In Exercise 1 you used `CountVectorizer` to generate features, which were then fed into a model. We can do the same here with the features from the pre-trained embedding model. 

In this case, for computational reasons I will first get the embeddings for the entire train and test sets (note that this doesn't violate the Golden Rule because the transformation is independent for each example):

In [18]:
X_train_embeddings = pd.DataFrame([sms.vector for sms in nlp.pipe(X_train)])
X_test_embeddings  = pd.DataFrame([sms.vector for sms in nlp.pipe(X_test)])

In [19]:
X_train_embeddings.shape

(4179, 300)

What sort of scores can you get with these features instead? Compare with your scores from Exercise 1 and briefly discuss. Again, it's fine to stick to default hyperparameters to save time.

#### Answer:

Note: Dummy classifier was not necessary because it doesn't depend on the features, so the results from the embeddings will be the same as before.

##### Linear Model 

In [20]:
print('Scores from Spacy embeddings:')
cross_validate_metrics(lr, X_train_embeddings, y_train)

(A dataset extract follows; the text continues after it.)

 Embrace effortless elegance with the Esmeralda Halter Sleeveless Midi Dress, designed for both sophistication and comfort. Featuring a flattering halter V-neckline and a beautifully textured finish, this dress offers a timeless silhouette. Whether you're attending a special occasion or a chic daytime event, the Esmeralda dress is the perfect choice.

Scores from Spacy embeddings:


Unnamed: 0,Accuracy,Precision,Recall,F1
Mean Validation Score,0.964106,0.900167,0.833238,0.864507
Standard Deviation of Validation Score,0.00224385,0.0229232,0.0403669,0.0127527


In [21]:
print('Scores from CountVectorizer embeddings:')
cross_validate_metrics(linear, X_train, y_train)

Scores from CountVectorizer embeddings:


Unnamed: 0,Accuracy,Precision,Recall,F1
Mean Validation Score,0.978943,0.99802,0.848936,0.916639
Standard Deviation of Validation Score,0.00749731,0.00442786,0.0552707,0.0329232


##### Random Forest Model

In [22]:
print('Scores from Spacy embeddings:')
cross_validate_metrics(rf, X_train_embeddings, y_train)

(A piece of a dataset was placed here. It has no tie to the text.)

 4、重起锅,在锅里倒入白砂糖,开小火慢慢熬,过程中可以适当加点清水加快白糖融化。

Scores from Spacy embeddings:


Unnamed: 0,Accuracy,Precision,Recall,F1
Mean Validation Score,0.971523,0.98334,0.807181,0.886063
Standard Deviation of Validation Score,0.00607234,0.0185804,0.0418557,0.026301


In [23]:
print('Scores from CountVectorizer embeddings:')
cross_validate_metrics(random_forest, X_train, y_train)

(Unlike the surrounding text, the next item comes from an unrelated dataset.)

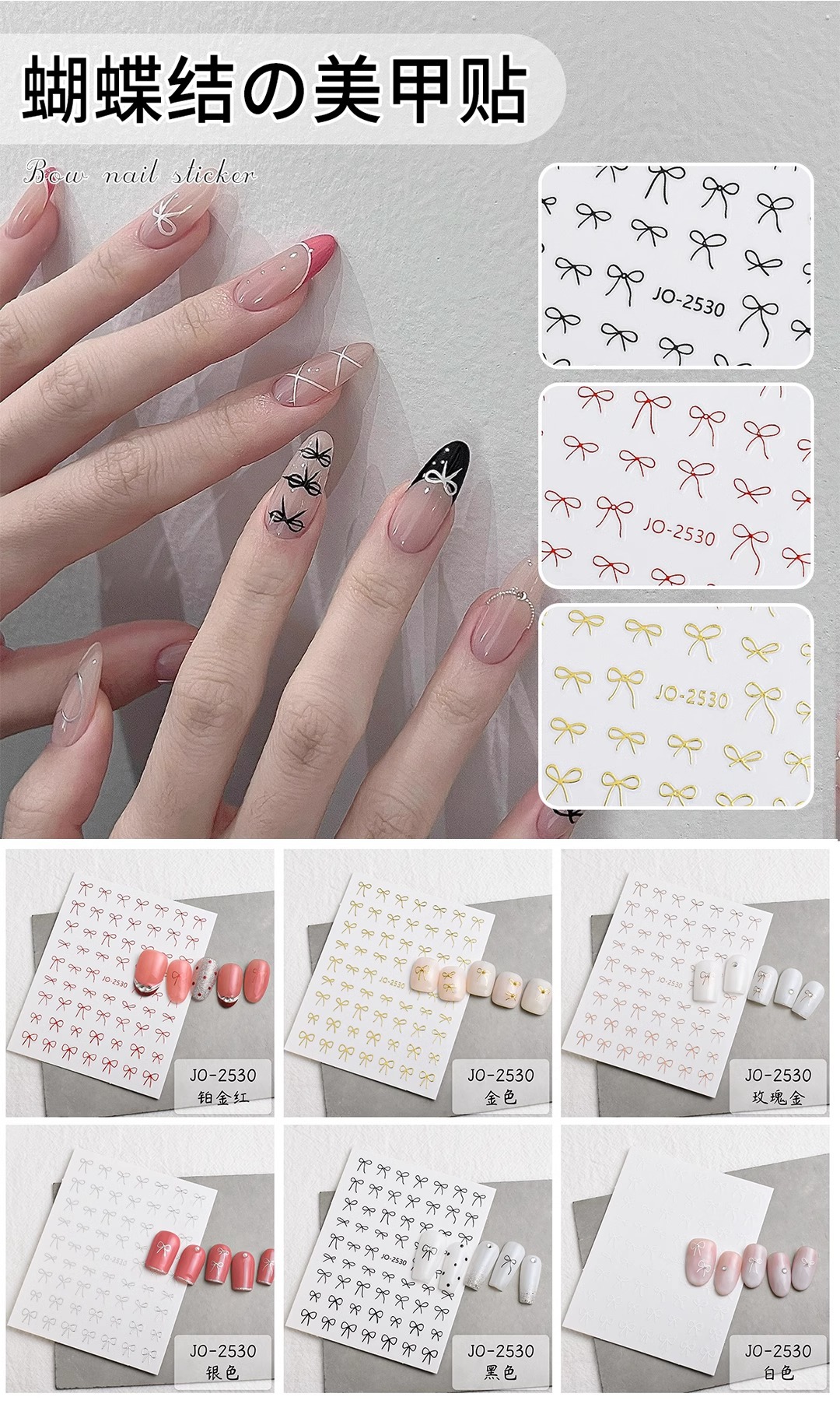 리본 매니큐어 스티커 2025 신상 흑백 금은 빨강 리본 매니큐어 스티커 인기 제품

Scores from CountVectorizer embeddings:


Unnamed: 0,Accuracy,Precision,Recall,F1
Mean Validation Score,0.974397,0.989754,0.822834,0.897606
Standard Deviation of Validation Score,0.00777636,0.00993107,0.0587536,0.0350101


##### Discussion
For both linear and random forest models, using the `CountVectorizer` embedding achieved mostly similar, but slightly better scores when compared to their `spacy` counterparts. In particular, the linear model had substantially better precision and f1 when using `CountVectorizer`'s embeddings, whereas for the random forest model, the scores were still higher for `CountVectorizer`, but fairly close. We would need to look at the test data to ensure we haven't overfitted the validation set on either model.

#### 2(c)
rubric={points:1}

Score your models on the test data. Are the results what you expected?

#### Answer:

##### Linear Model

In [24]:
print('Scores from Spacy embeddings:')
lr.fit(X_train_embeddings, y_train)
score_with_metrics(lr, X_test_embeddings, y_test)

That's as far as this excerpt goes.